*Your task*. The line with "댄서 그림 유럽과 미국의" marks the first line to copy, and the line with "中國(guó)電力網(wǎn" marks the last. Transcribe that stretch of the data below exactly, without pictures.

*Extracted material*.
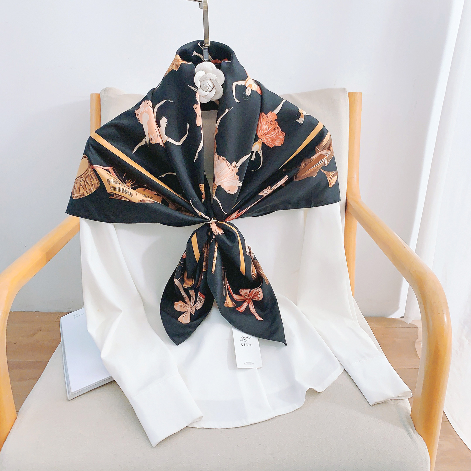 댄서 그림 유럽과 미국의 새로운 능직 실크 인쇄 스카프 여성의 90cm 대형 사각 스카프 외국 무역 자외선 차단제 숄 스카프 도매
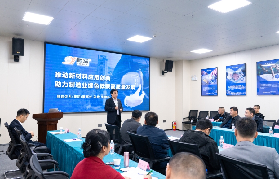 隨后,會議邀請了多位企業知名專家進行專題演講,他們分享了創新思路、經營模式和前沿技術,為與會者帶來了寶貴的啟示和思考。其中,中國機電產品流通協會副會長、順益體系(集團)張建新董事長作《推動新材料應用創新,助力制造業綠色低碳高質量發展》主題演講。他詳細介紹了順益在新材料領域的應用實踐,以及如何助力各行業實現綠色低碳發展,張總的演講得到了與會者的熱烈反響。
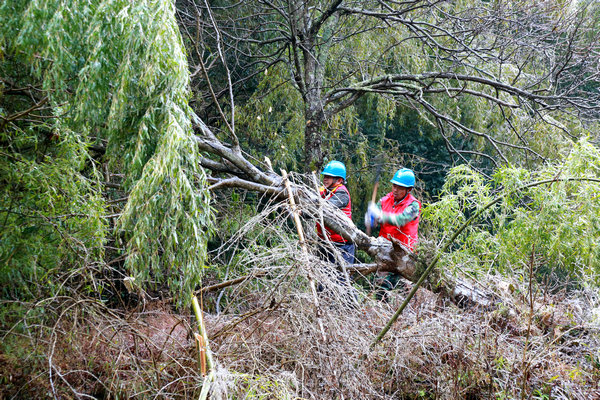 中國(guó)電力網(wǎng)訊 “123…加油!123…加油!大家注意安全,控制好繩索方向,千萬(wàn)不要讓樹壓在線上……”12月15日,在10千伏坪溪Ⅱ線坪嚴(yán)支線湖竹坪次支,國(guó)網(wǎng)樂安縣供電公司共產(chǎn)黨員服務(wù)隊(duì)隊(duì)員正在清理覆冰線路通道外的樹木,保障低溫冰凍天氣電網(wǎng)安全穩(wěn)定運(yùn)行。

---

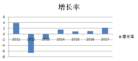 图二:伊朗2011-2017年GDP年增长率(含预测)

--

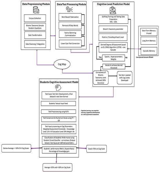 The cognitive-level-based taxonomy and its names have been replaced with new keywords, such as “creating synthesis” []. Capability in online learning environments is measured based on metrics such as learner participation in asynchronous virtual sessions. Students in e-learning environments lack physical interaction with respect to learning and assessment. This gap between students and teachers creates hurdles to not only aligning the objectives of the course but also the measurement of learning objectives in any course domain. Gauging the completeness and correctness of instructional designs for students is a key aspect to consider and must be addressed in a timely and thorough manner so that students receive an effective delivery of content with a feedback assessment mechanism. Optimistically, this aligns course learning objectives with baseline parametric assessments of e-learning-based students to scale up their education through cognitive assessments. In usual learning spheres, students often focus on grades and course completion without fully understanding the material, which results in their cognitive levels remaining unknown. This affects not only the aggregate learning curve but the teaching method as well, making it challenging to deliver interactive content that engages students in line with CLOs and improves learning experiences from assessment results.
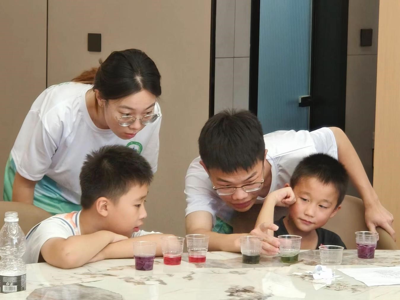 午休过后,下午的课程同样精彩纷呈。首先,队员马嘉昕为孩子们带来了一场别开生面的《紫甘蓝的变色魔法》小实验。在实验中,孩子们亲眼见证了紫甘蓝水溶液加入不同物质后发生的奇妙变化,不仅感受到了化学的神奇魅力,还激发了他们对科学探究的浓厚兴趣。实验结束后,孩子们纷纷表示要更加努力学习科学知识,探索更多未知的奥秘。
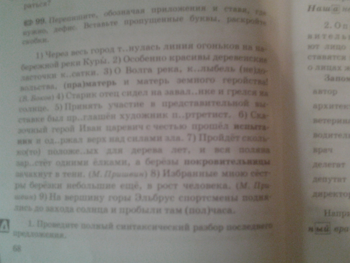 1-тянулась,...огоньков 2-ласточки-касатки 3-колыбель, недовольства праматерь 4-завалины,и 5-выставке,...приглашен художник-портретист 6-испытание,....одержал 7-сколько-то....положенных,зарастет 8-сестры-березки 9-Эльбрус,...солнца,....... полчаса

*Answer below*.
 댄서 그림 유럽과 미국의 새로운 능직 실크 인쇄 스카프 여성의 90cm 대형 사각 스카프 외국 무역 자외선 차단제 숄 스카프 도매
 隨后,會議邀請了多位企業知名專家進行專題演講,他們分享了創新思路、經營模式和前沿技術,為與會者帶來了寶貴的啟示和思考。其中,中國機電產品流通協會副會長、順益體系(集團)張建新董事長作《推動新材料應用創新,助力制造業綠色低碳高質量發展》主題演講。他詳細介紹了順益在新材料領域的應用實踐,以及如何助力各行業實現綠色低碳發展,張總的演講得到了與會者的熱烈反響。
 中國(guó)電力網(wǎng)訊 “123…加油!123…加油!大家注意安全,控制好繩索方向,千萬(wàn)不要讓樹壓在線上……”12月15日,在10千伏坪溪Ⅱ線坪嚴(yán)支線湖竹坪次支,國(guó)網(wǎng)樂安縣供電公司共產(chǎn)黨員服務(wù)隊(duì)隊(duì)員正在清理覆冰線路通道外的樹木,保障低溫冰凍天氣電網(wǎng)安全穩(wěn)定運(yùn)行。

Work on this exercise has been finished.